According to a senior Armenian military official, it was Azerbaijan that had sought a ceasefire several days after renewing hostilities in Nagorno-Karabakh early this month.
The ceasefire agreed between the chiefs of the general staffs of the armed forces of Armenia and Azerbaijan in Moscow on April 5 put an end to the worst escalation of violence in the conflict zone since the 1994 truce.
Speaking to RFE/RL’s Armenian Service, deputy chief of the General Staff of Armenia’s Armed Forces Lieutenant-General Movses Hakobyan said: “This time we should also state that it is the Armenian soldier who again forced the enemy to cease fire.”

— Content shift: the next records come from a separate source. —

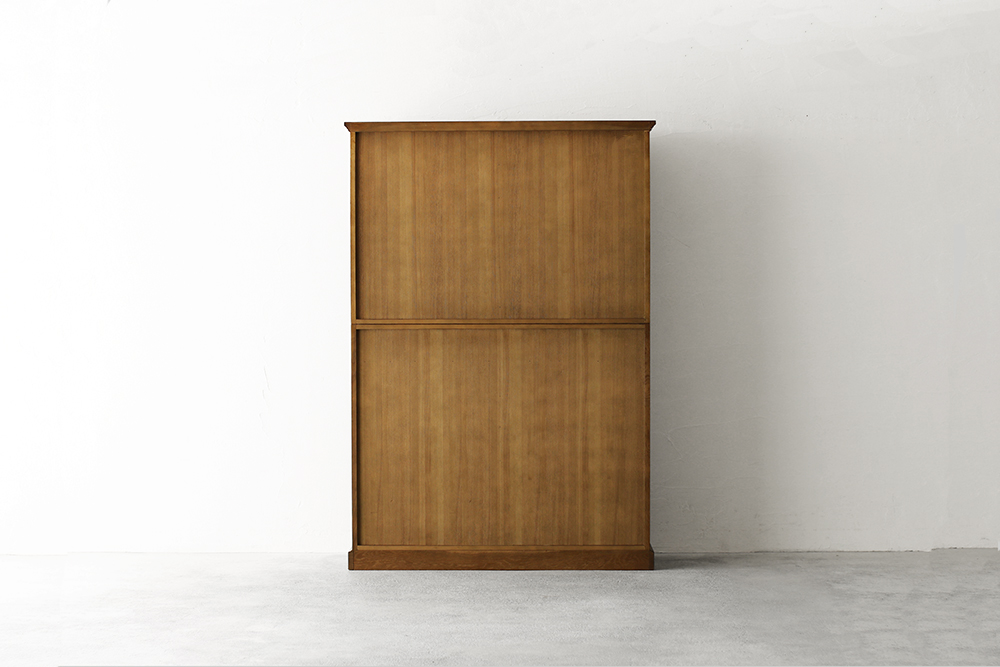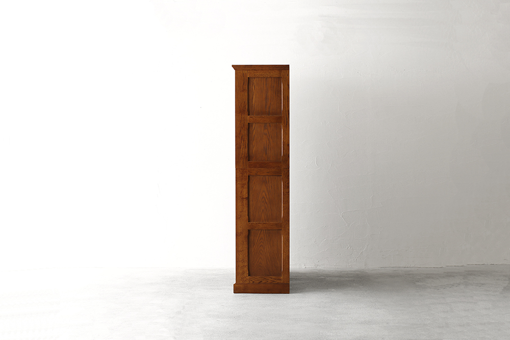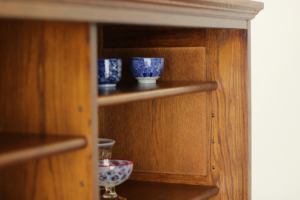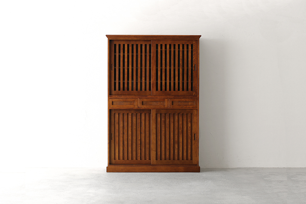 格子・引き出しの前板にはオークの無垢材を使用し、アンティーク風のブラウン色で仕上げをしています。使い勝手の良い引き戸と繊細な格子を組み合わせ古風な雰囲気ですが、洗練された佇まいは和の空間だけでなく洋の空間にもすんなりと溶け込みます。
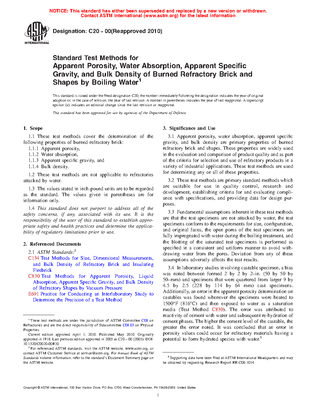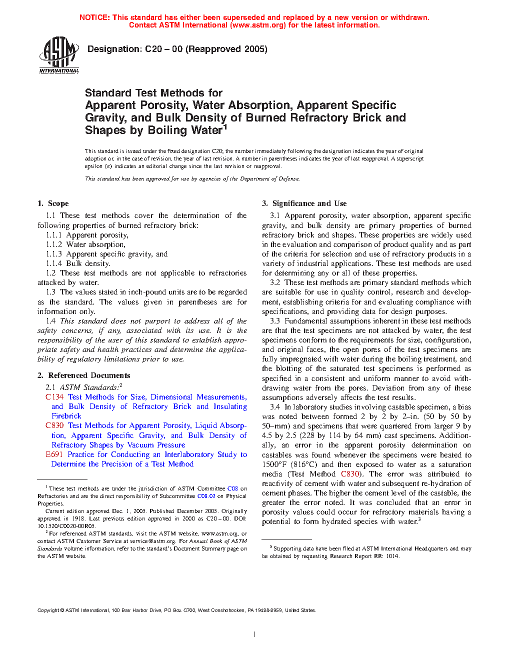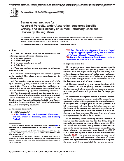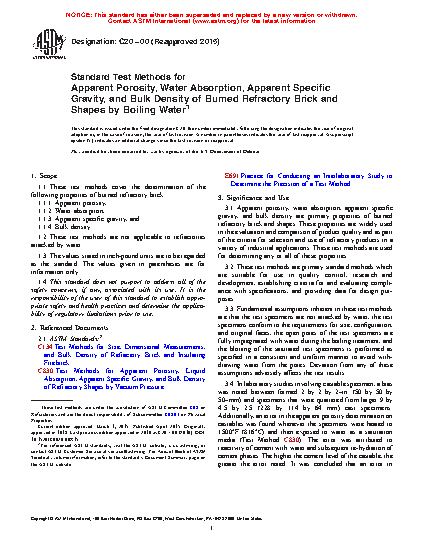 Standard Test Methods for Apparent Porosity, Water Absorption, Apparent Specific Gravity, and Bulk Density of Burned Refractory Brick and Shapes by Boiling Water
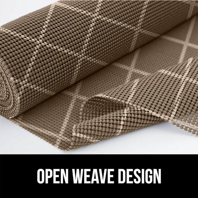 Gorilla Grip powerGRIP Drawer Shelf and Cabinet Liner, Thick Strong Hold, Non-Adhesive Liners Protect Kitchen Cabinets and Cupboard, Bathroom Drawers, Easy Install, Breathable Mat, 20" x30', Beige

Hakobyan, who in the past also served as Nagorno-Karabakh’s defense chief, said that he believed Azerbaijan would “draw conclusions” from its actions. “If it tries to solve the Nagorno-Karabakh conflict this way again, the response will be much tougher,” he said.
According to the senior military official, the Armenian intelligence had the relevant data on the Azerbaijani aggressive plans: “But the border of the Nagorno-Karabakh Republic is quite long and it was, of course, difficult to predict at what time and where the attacks would be launched.”
According to Nagorno-Karabakh’s Defense Ministry, 62 Armenian soldiers were killed in action and more than 120 were wounded in clashes with Azerbaijani forces. The fate of one Armenian soldier reportedly remained unclear as of Monday afternoon.